Yes ! Computer Emergency Response Teams (CERT)[1] exist in most countries and publish security advisories as newsletters or RSS. e.g. CERT-EU security advisories [2]

But there are so many softwares and exploits that the signal to noise ratio is low if you are not in charge of a big IT infra.

[1] https://en.m.wikipedia.org/wiki/Computer_emergency_response_...

[2] https://cert.europa.eu/cert/newsletter/en/latest_SecurityBul...

>[2] https://cert.europa.eu/cert/newsletter/en/latest_SecurityBul...

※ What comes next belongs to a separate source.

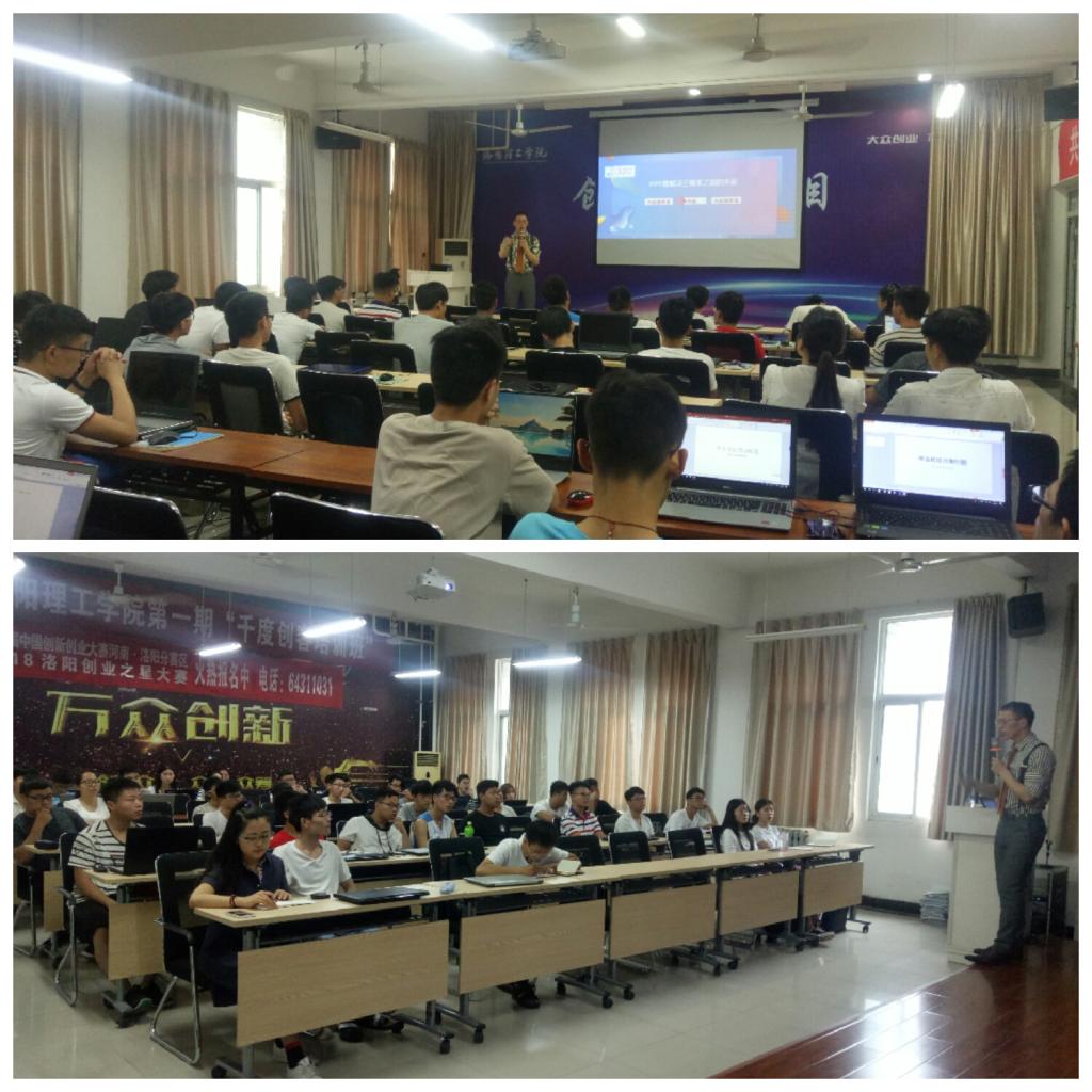 第一期“千度创客培训班”在创新大厦三楼路演厅正式开课;洛阳幻想科技文化有限公司总经理张航辉、大学科技园工作人员以及第一期培训班的38名学员参加活动。

I took a look and my first impressions are not good.

1. like you mentioned, the signal to noise ratio is pretty bad. eg. "OpenSSL/LibreSSL Vulnerability (CERT-EU Security Advisory 2022-017)" which is a DoS exploit that consumers would likely not care about. There's also no vendor/product filter, so I get notifications about "H2 Database Console" that I don't care about.

2. It's slow/out of date. eg. "Multiple Vulnerabilities in VMware (CERT-EU Security Advisory 2022-013)" was published on February 17, 2022, but the patch was published January 15th, a month earlier.

Yes, it's a firehose. I'm sure you can find a security vendor willing to offer a curated list somewhere.
I subscribe to debian and openbsd security advisory email lists, which works for me generally to know what is going on in the space(s) I care more about:

https://lists.debian.org/debian-security-announce/ (this one covers security updates to many packages, but not as much as CVE advisories cover, windows, etc)

https://www.debian.org/security/

https://www.openbsd.org/mail.html (ctrl-f for security, but unlike the debian ones, this only covers patches to the base OS, not other packages).

But for you of course it would depend on what you run and what matters to you.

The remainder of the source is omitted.